Data block »
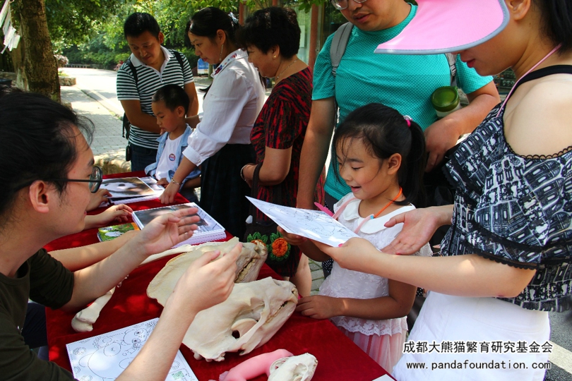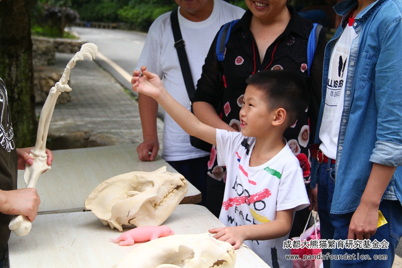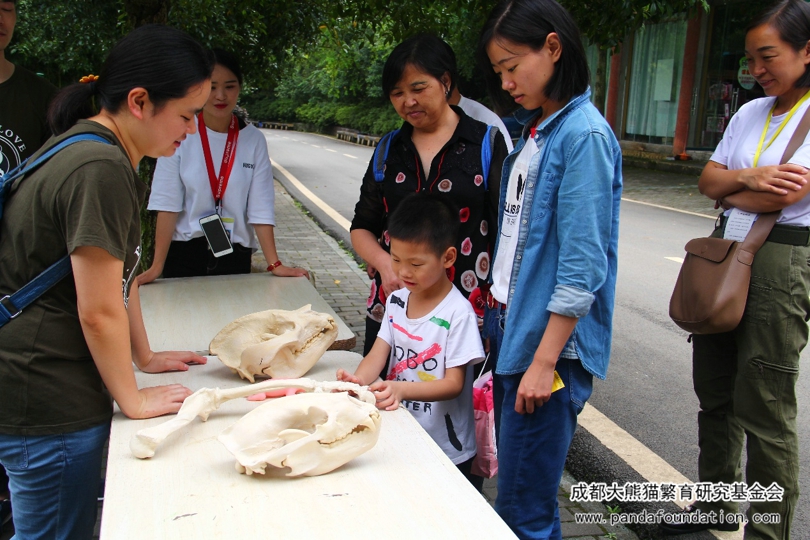 为了此次科普活动更好地开展,我会赴黔小组带来了大熊猫、亚洲黑熊及小熊猫等动物的骨骼模型及教具图片,让前来观摩的游客朋友们近距离看到动物骨骼的原貌,更加了解野生动物生态习性,加深对濒危珍稀动物保护的理解。
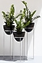 Black and silver ovate shaped planter set in iron and zinc base. Add some flower sticks, potted plants or even faux plants for the perfect touch of green in your living space.
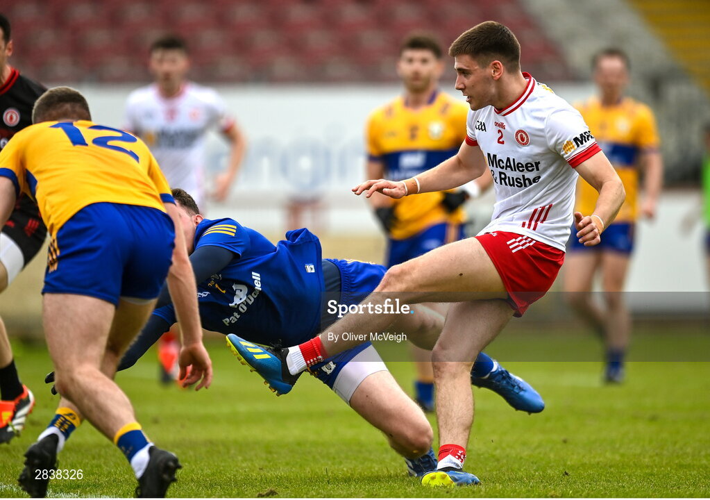 2 June 2024; Niall Devlin of Tyrone scoring his side's second goal during the GAA Football All-Ireland Senior Championship Round 2 match between Tyrone and Clare at O'Neill's Healy Park in Omagh, Tyrone. Photo by Oliver McVeigh/Sportsfile

Problem to solve » All the lines above are to be reproduced exactly, except the pictures.

Task result »
 为了此次科普活动更好地开展,我会赴黔小组带来了大熊猫、亚洲黑熊及小熊猫等动物的骨骼模型及教具图片,让前来观摩的游客朋友们近距离看到动物骨骼的原貌,更加了解野生动物生态习性,加深对濒危珍稀动物保护的理解。
 Black and silver ovate shaped planter set in iron and zinc base. Add some flower sticks, potted plants or even faux plants for the perfect touch of green in your living space.
 2 June 2024; Niall Devlin of Tyrone scoring his side's second goal during the GAA Football All-Ireland Senior Championship Round 2 match between Tyrone and Clare at O'Neill's Healy Park in Omagh, Tyrone. Photo by Oliver McVeigh/Sportsfile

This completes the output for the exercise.